Very challenging: max{floor,ceil}=? I spotted a pattern while trying to generalize a problem. (EDIT: said problem has been removed from this post to avoid confusion. EDIT(2): Here is the problem again: http://www.artofproblemsolving.com/Forum/viewtopic.php?p=367432&sid=356f2a2b519ab007bb648bf00e84934d#p367432 ) <--- That isnt the problem I want to solve, it is just where I got the pattern below from. I know how to solve the problem in the link already; I am only here trying to solve the problem below:
Here is the pattern I found, which I cannot prove. If you prove this, you win the bounty, and if there are multiple proofs, the most detailed (including extra information, etc) wins:
If $$\{k:k\in \mathbb{Z}^+,k\ne 4, k\ge 3\}$$,
$$\max\left\{\left(\frac{k}{\lfloor \frac{k}{\text{e}}\rfloor }\right)^{\lfloor \frac{k}{{\text{e}}}\rfloor},\left(\frac{k}{\lceil \frac{k}{\text{e}}\rceil }\right)^{\lceil \frac{k}{{\text{e}}}\rceil}\right\}=\begin{cases}\left(\frac{k}{\lfloor \frac{k}{\text{e}}\rfloor }\right)^{\lfloor \frac{k}{{\text{e}}}\rfloor}\quad\text{if}\ \{\frac{k}{\text{e}}\}<0.5\\ \\\left(\frac{k}{\lceil \frac{k}{\text{e}}\rceil }\right)^{\lceil \frac{k}{{\text{e}}}\rceil}\quad\text{if}\ \{\frac{k}{\text{e}}\}\ge 0.5\end{cases}$$.
I honestly don't know where to begin.
EDIT: Here $\{x\}$ denotes the fractional part of $x$, e.g. $\{5.4\}=0.4$.
 A: Not an answer, just an observation - hence CW.
The plot of 
$\text{max}
\begin{cases}
\dfrac{e}{k}\log\left(\dfrac{k}{\lfloor k/e\rfloor}^{\lfloor k/e\rfloor}\right)\\
\\
\dfrac{e}{k}\log\left(\dfrac{k}{\lceil k/e\rceil}^{\lceil k/e\rceil}\right)\\
\end{cases}$
against background $\mod \dfrac{e}{2}$

shows that what you conjecture is not strictly true, but it certainly approaches that limit (if I have understood the problem correctly).
Update
For $e\pm\frac{1}{2}$, fractional part $\pm\frac{1}{4}$:

Manipulate[s = E + m; pr2 = 1.005; pr1 = 0.94; r1 = s; c = m/E;Show[Plot[{If[FractionalPart[k/s] < 0.5 - m/2, 1.1, 0], 1}, {k, r1, (r1 + 5 s)}, PlotStyle -> {{Opacity[0]}, {Opacity[0]}},Filling -> {1 -> {2}}, FillingStyle -> {Opacity[0.2]},Frame -> True, Axes -> False, GridLines -> {{}, {1}},GridLinesStyle -> {Gray, Dashing[0.01]},PlotRange -> {{r1, (r1 + 5 s)}, {pr1, pr2}}], Plot[{If[Log[(k/Floor[k/s])^Floor[k/s]]/(k/s) - c >Log[(k/Ceiling[k/s])^Ceiling[k/s]]/(k/s) - c,Log[(k/Floor[k/s])^Floor[k/s]]/(k/s) - c, I],If[Log[(k/Ceiling[k/s])^Ceiling[k/s]]/(k/s) - c >Log[(k/Floor[k/s])^Floor[k/s]]/(k/s) - c,Log[(k/Ceiling[k/s])^Ceiling[k/s]]/(k/s) - c, I]}, {k,r1, (r1 + 5 s)}, PlotStyle -> {{Red, Thick}, {Blue, Thick}}, Frame -> True,Axes -> False, PlotRange -> {{r1, (r1 + 5 s)}, {pr1, pr2}}]], {{m, 0}, -0.5, 0.5}]

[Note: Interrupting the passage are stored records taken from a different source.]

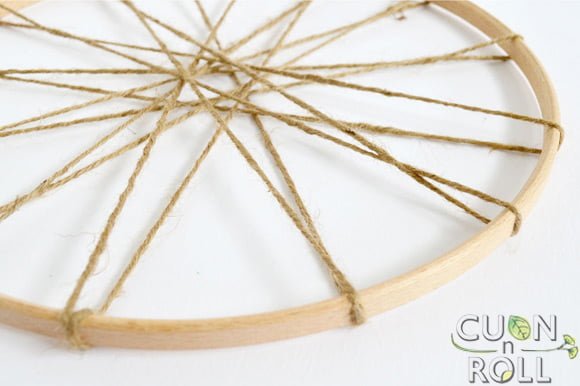 Đầu tiên, bạn đan lên khuôn tròn với sợi dây thừng bằng cách quấn mỗi đoạn 2 vòng qua tâm khuôn tròn và cách đều nhau (như hình).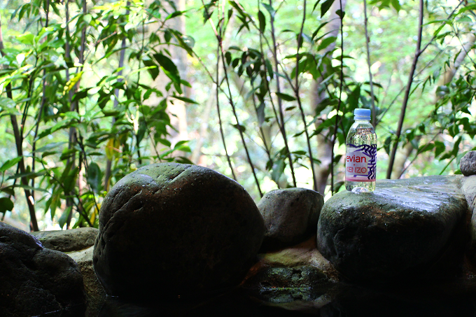 貸切温泉でも、ミネラルたっぷりのエビアンのお水がとても役立ちました...♪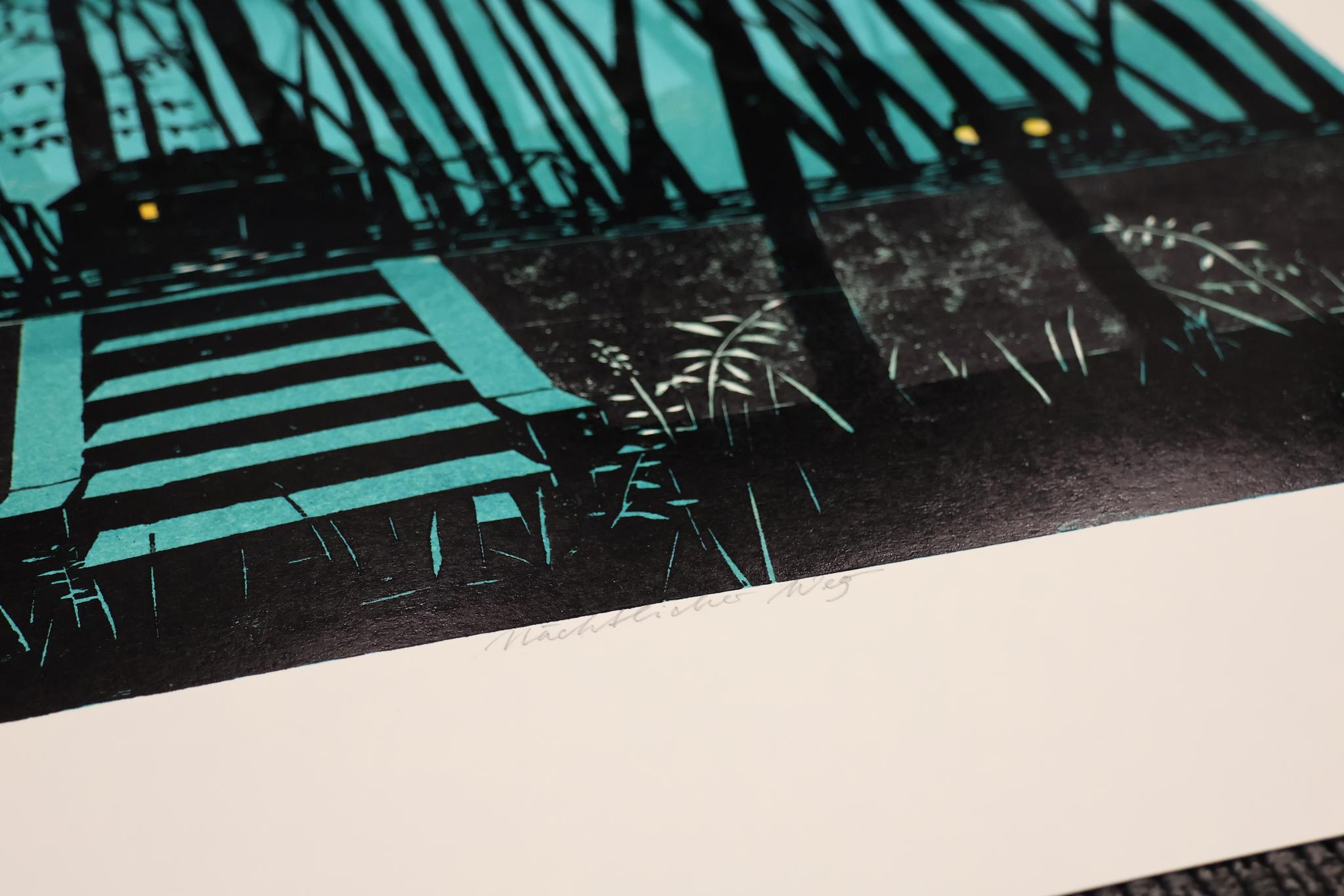 Fünf Farben, fünf Platten – erst vereint ergeben sie ein Ganzes. Das Kapitel „Schaurig“ in Die Ballade eröffnet der Holzschnitt Nächtlicher Weg. Ein Weg durch massige Farben, Mitternacht und Mondschein.

A: Not an answer, but an approach: Fix a $k$ and let $K := \lceil \frac{k}{e} \rceil$. Suppose $\left\{ \frac{k}{e} \right\} \ge \frac12$. We want to show that
\begin{align*}
\left(\frac{k}{\lfloor \frac ke \rfloor}\right)^{\lfloor \frac ke \rfloor} \le \left(\frac{k}{\lceil \frac ke \rceil}\right)^{\lceil \frac ke \rceil}
\end{align*}
Basic transformations (and the fact that $K = \lceil \frac ke \rceil = \lfloor \frac ke \rfloor + 1$) yield the equivalent inequality
\begin{align*}
K^K \le k \cdot (K - 1)^{K - 1}
\end{align*}
Now our assumption $\left\{ \frac{k}{e} \right\} \ge \frac12$ means $\frac ke \ge \lfloor \frac ke \rfloor + \frac 12 = K - \frac 12$. Hence
\begin{align*}
k \cdot (K - 1)^{K - 1} \ge e \cdot \left(K - \frac12\right) \cdot (K - 1)^{K - 1}
\end{align*}
Plugging this in above and transforming, we see that it is sufficient to show that
\begin{align*}
\left(\frac{K}{K-1}\right)^K \le e \cdot \frac{K - \frac12}{K - 1}
\end{align*}
Taking the reciprocal and multiplying by $e$, we get the equivalent inequality
\begin{align*}
\left(1 - \frac1K\right)^K \cdot e \ge \frac{K - 2}{K - 1}
\end{align*}
Both sides converge to $1$ as $K \to \infty$ (here the role of the constant $e$ becomes apparent).
If we want to prove the other case, i. e., $\left\{ \frac ke \right\} < \frac12$, we analogously arrive at
\begin{align*}
\left(1 - \frac1K\right)^K \cdot e < \frac{K - 2}{K - 1}
\end{align*}
I could not proceed from here since I don't know enough about the convergence of $(1+\frac xn)^n$. I am not even sure whether this helps at all, but I wanted to post it since it explains where the $e$ comes from.